"Ich möchte keinen Krieg, Oma und Opa sind in Russland, jetzt kann ich sie nicht mehr besuchen", sagt Dunja. Die fünfjährige Berliner Halb-Russin hat ein buntes Schild mit einer großen gelben Sonne, bunten Blumen und einem Friedensengel gemalt, das sie bei der Anti-Kriegs-Demonstration vor sich her trägt. "Wenn meine Freunde in Russland demonstrieren, werden sie zur Polizei gebracht", sagt Dunjas Mutter Katja. Mittlerweile sei es dort verboten, sich auf Facebook und Instagram gegen den Krieg zu äußern.

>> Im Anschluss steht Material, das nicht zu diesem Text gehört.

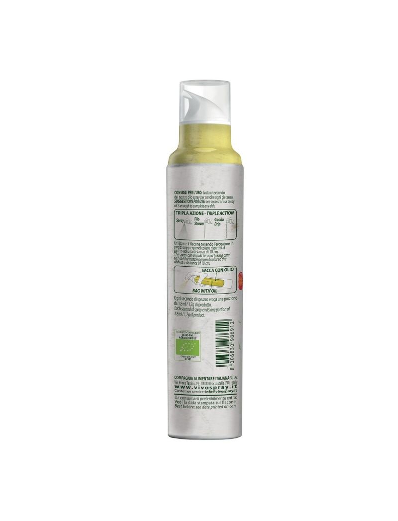 Завдяки технології «мішка на клапані» спеціальна пляшка Vivo Spray дозволяє скоротити споживання приблизно на 90% (флакон об’ємом 250 мл фактично еквівалентний приблизно 3 літрам звичайної пляшки олії) і захистити вміст від повітря і світло протягом тривалого часу. Це дозволяє зберегти всі цінні властивості приправи незмінними та завжди залишати її свіжою, наче її щойно віджали. Кожна секунда розпилення забезпечує 1,8 мл/1,7 г (15 ккал) продукту, достатнього для приправи кожної страви.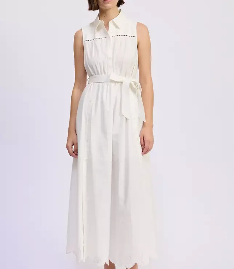 The Brittany dress is a sleeveless maxi shirtdress, featuring ladder trim and a button front with slit. This item can only be exchanged or returned by mail., Imported:, Length: 52"from shoulder to hem Loft En Saison Brittany Maxi Shirtdress Size XS White Women's by Loft Size Regular - XS White Women's Shirtdress, Dresses Dressy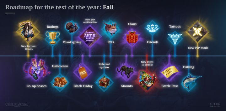 夏季更新路线:PVP竞技场,温迪戈重做,新地牢,新武器新衣服,新boss,新剧情秋季更新路线:新势力,合作boss,联赛评分,感恩节活动,万圣节活动,黑色星期五,宠物,氏族和朋友功能,新事件,皮肤纹身,赛季通行证,新PVP模式,钓鱼,新剧情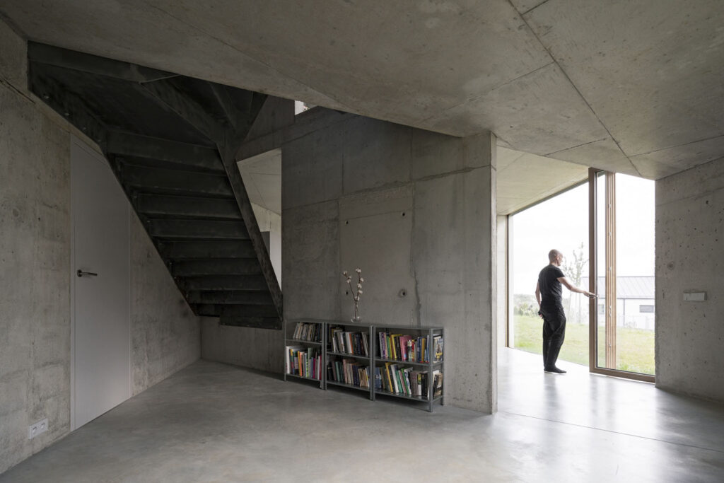 Byl to proces a do jisté míry také experiment, finální podobu interiéru jsme ladili souběžně se stavbou. Hrubá stavba nám hodně napověděla, jak by měly interiéry nakonec vypadat. Naštěstí se nám tak i díky trpělivosti klientů podařilo ještě více akcentovat prostorově materiálové řešení hrubé stavby ve finální podobě interiéru.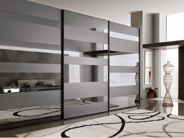 Если комната характеризуется маленьким размером, следует рассмотреть вариант зеркальных раздвижных дверей – они хорошо справляются с визуальным увеличением помещения. Шкаф купе в спальне на фото внутри комнаты выглядит небольшим, но благодаря зеркалам, комната выглядит в два раза большей.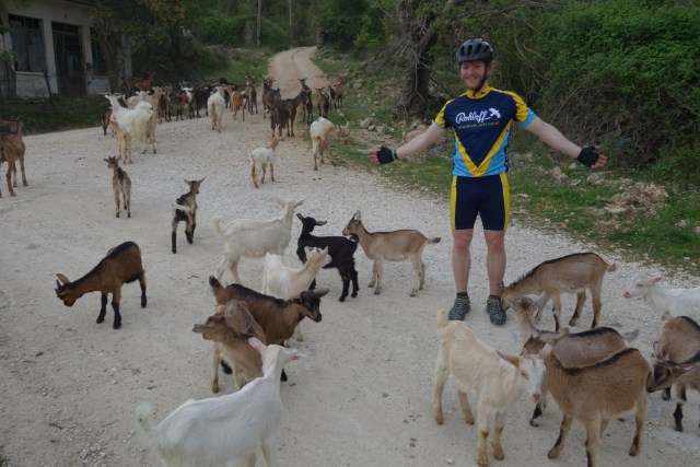 Langsam aber sicher steigt das Gelände an, sobald wir vom Meer wegfahren. Am Ende des Tales fahren wir knapp 200 Höhenmeter auf 10 Kilometer rauf, nur um von einer Herde Ziegen überrannt zu werden, die uns in einem verlassenen Dorf voller Häuserruinen überrascht. Nach dem ersten Schrecken ist es aber ein tolles Erlebnis, eine Runde Streichelzoo zu spielen.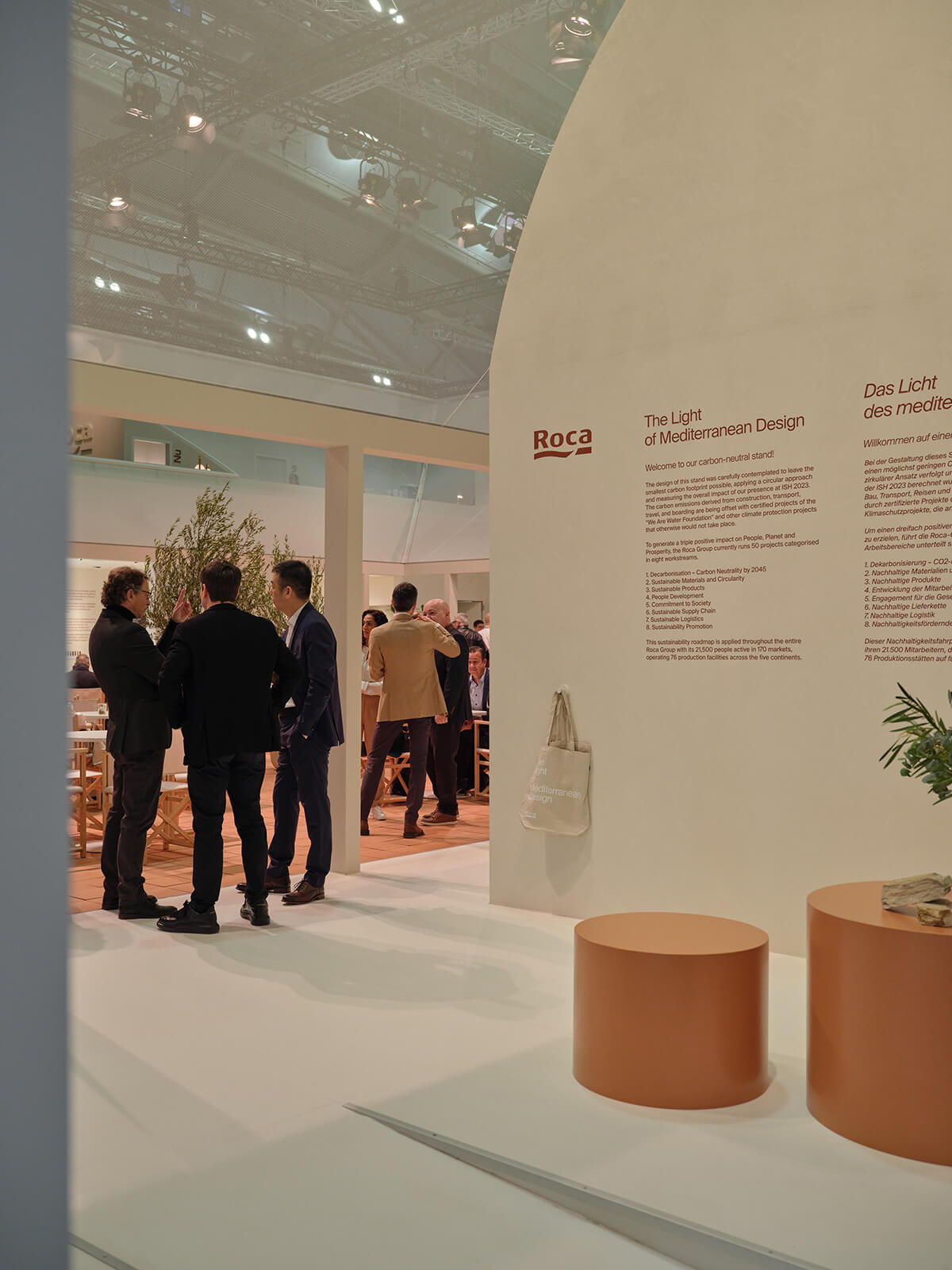 Para esta primera edición de la feria ISH tras la pandemia, Roca ha colaborado con el estudio Mesura en el diseño de un stand inspirado en la luz y la arquitectura del Mediterráneo. De esta manera el estudio de arquitectura de Barcelona ha asumido el reto de reflejar tanto los valores de la compañía, como su liderazgo industrial y sus orígenes mediterráneos, mostrando en su espacio las nuevas soluciones para el baño.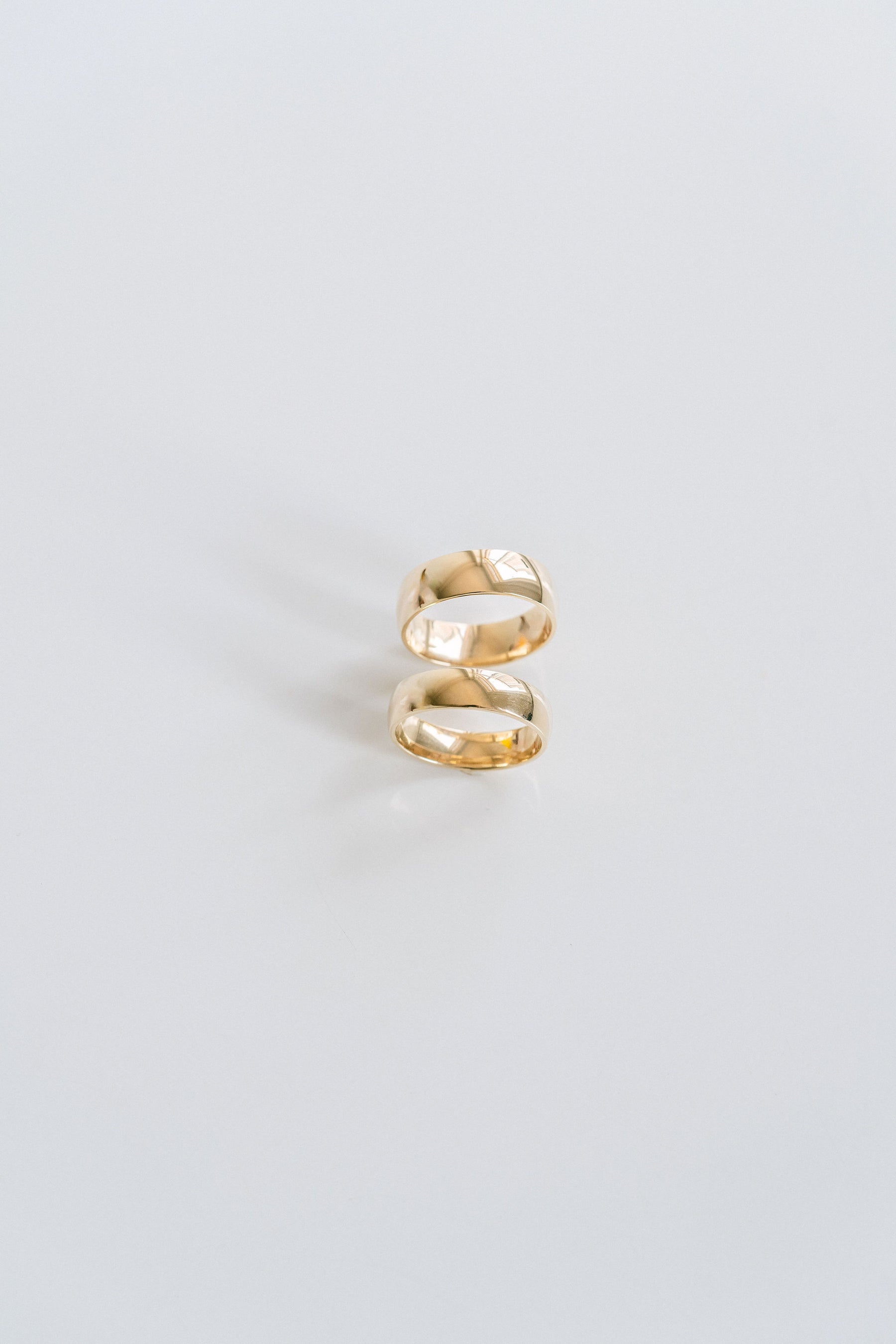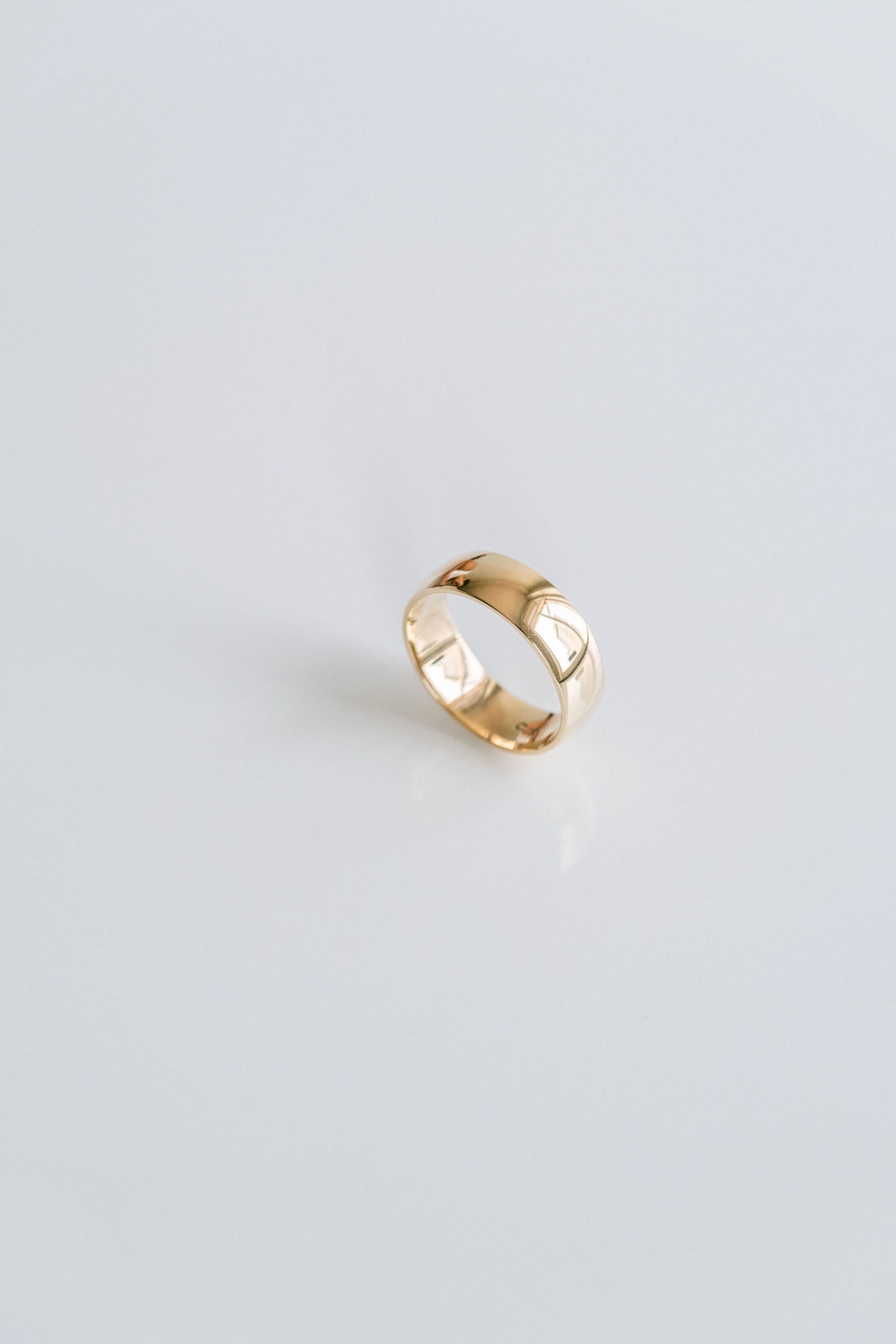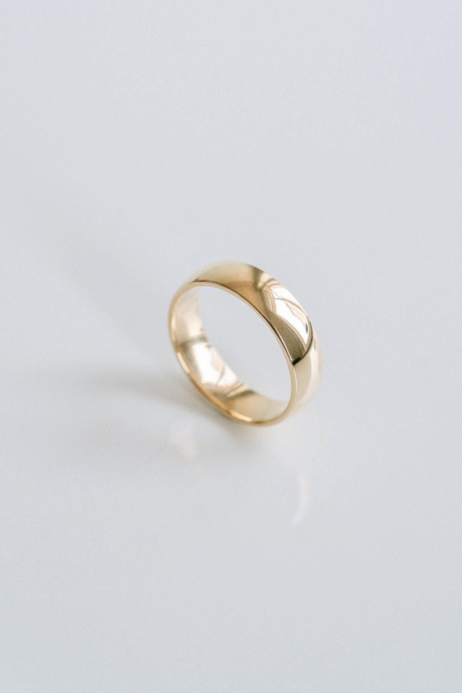A classic, solid gold, mens-style wedding band. Round and polished for a soft, smooth look. Style this as a simple wedding band or timeless accessory piece to add to your collection.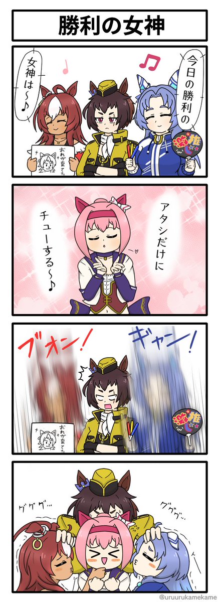ヒシアマゾンがシンコウウインディに噛みつかれる四コマ漫画です。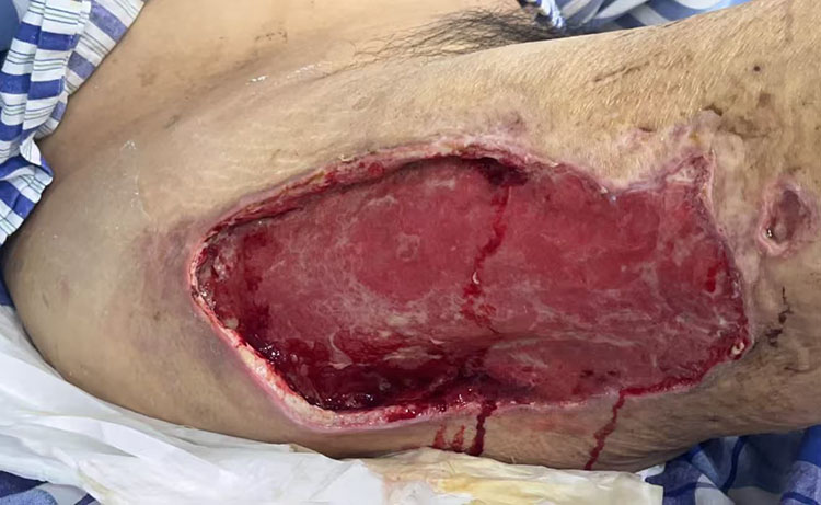 11月11日,北京榮祥再生醫(yī)學(xué)研究所研究員、《中國燒傷創(chuàng)瘍雜志》常務(wù)編委、燒傷創(chuàng)瘍再生醫(yī)療技術(shù)臨床專家趙瑞慶教授,到長治市人民醫(yī)院會(huì)診手術(shù)創(chuàng)傷患者。長治某洗煤廠裝載機(jī)車禍雙下肢嚴(yán)重碾軋傷患者,經(jīng)過積極的抗感染、創(chuàng)面通過再生醫(yī)療技術(shù)聯(lián)合多技術(shù)處理準(zhǔn)備,達(dá)到手術(shù)要求,趙瑞慶教授會(huì)同當(dāng)?shù)蒯t(yī)務(wù)人員李學(xué)雷主任團(tuán)隊(duì)等,在全麻下行“雙下肢嚴(yán)重皮膚缺損創(chuàng)面修復(fù)手術(shù)”術(shù)中順利,出血不多,病人安返病區(qū)。術(shù)后又制定了嚴(yán)格的治療措施。

An diesem kalten und sonnigen Berliner Wintertag quillt der Tiergarten zwischen Brandenburger Tor und Großem Stern vor Menschen aller Generationen über. Besorgte Gesichter, entschlossene, zornige und erschütterte Mienen: Sie alle eint die Empörung auf den russischen Angriff auf das Nachbarland. Mitten in Ansprachen, Musik wie John Lennons "Imagine" mit seinem Wunsch nach Frieden, Diskussionen und dem Strömen der Menschenmassen ertönt irgendwann aus Lautsprechern der Aufruf, eine Schweigeminute für die Menschen in der Ukraine einzulegen.
Ein nahezu unheimliches Schweigen macht sich breit. Hunderttausende verharren für einen Augenblick in der Stille. Danach geht es weiter. Der Vertreter einer Ärzteorganisation warnt von der Bühne weit entfernt vor der Gefahr eines Angriffs auf ein Kernkraftwerk in der Ukraine, der weitreichende Folgen hätte.
"Wir setzen ein Zeichen"
"Wir warnen seit 20 Jahren vor dieser Entwicklung", sagt Danil Y. vor einem Lautsprecherturm. Die Familie des 36-Jährigen ist halb ukrainisch, halb russisch. "Seit drei Tagen ist diese Entwicklung Realität", sagt er bitter. Er hält ein Plakat mit der Aufschrift "Schröder abschalten jetzt" in die Höhe. Seine Kiewer Freundin zweifelt, ob die Demonstration etwas bewirken kann. "Aber wir setzen ein Zeichen, wir ermutigen die Russen zu protestieren", sagt die 34-jährige Daria P. Ohne sie komme es nicht zu Veränderungen. Beide hoffen, "dass die Menschheit jetzt endlich aufgewacht ist".
Ein US-amerikanischer Doktorand an der Berliner Charité erzählt, er wolle nach Polen fahren, um ukrainischen Flüchtlingen mit Nahrungsmitteln und Medikamenten zu helfen. Ein Paar aus Tibet demonstriert für eine freie Ukraine. Ein 70 Jahre alter Berliner beschreibt die Lage als "alptraumhaft". Den russischen Präsidenten Wladimir Putin nennt er einen alten verbitterten Mann, der wegen seines Machtstrebens Menschen in den Tod schicke.
Nicht nur auf der Straße, auch bei den Abgeordneten des Bundestags, die am Sonntag zu einer Sondersitzung in Berlin zusammengerufen wurden, gab es den Wunsch, ein gemeinsames Zeichen gegen den Krieg in der Ukraine zu setzen. Auf Bitten einiger Parlamentarier luden die beiden großen Kirchen zum Friedensgebet am frühen Sonntagmorgen. Rund 40 Abgeordnete kamen. Versammelt um eine Kerze mit einer Schleife in den Farben der ukrainischen Flagge beteten sie für Frieden, Sicherheit und Schutz für Frauen, Männer und Kinder.
Eine Demonstrantin fragt einen Mann, der einen Kinderwagen vor sich herschiebt: "Erste Demo?" Der Vater antwortet stolz: "Erste Demo." Der russische Angriff auf die Ukraine scheint für viele Eltern eine gute Gelegenheit zu sein, ihren Kindern eine erste Lektion in Demokratie zu erteilen.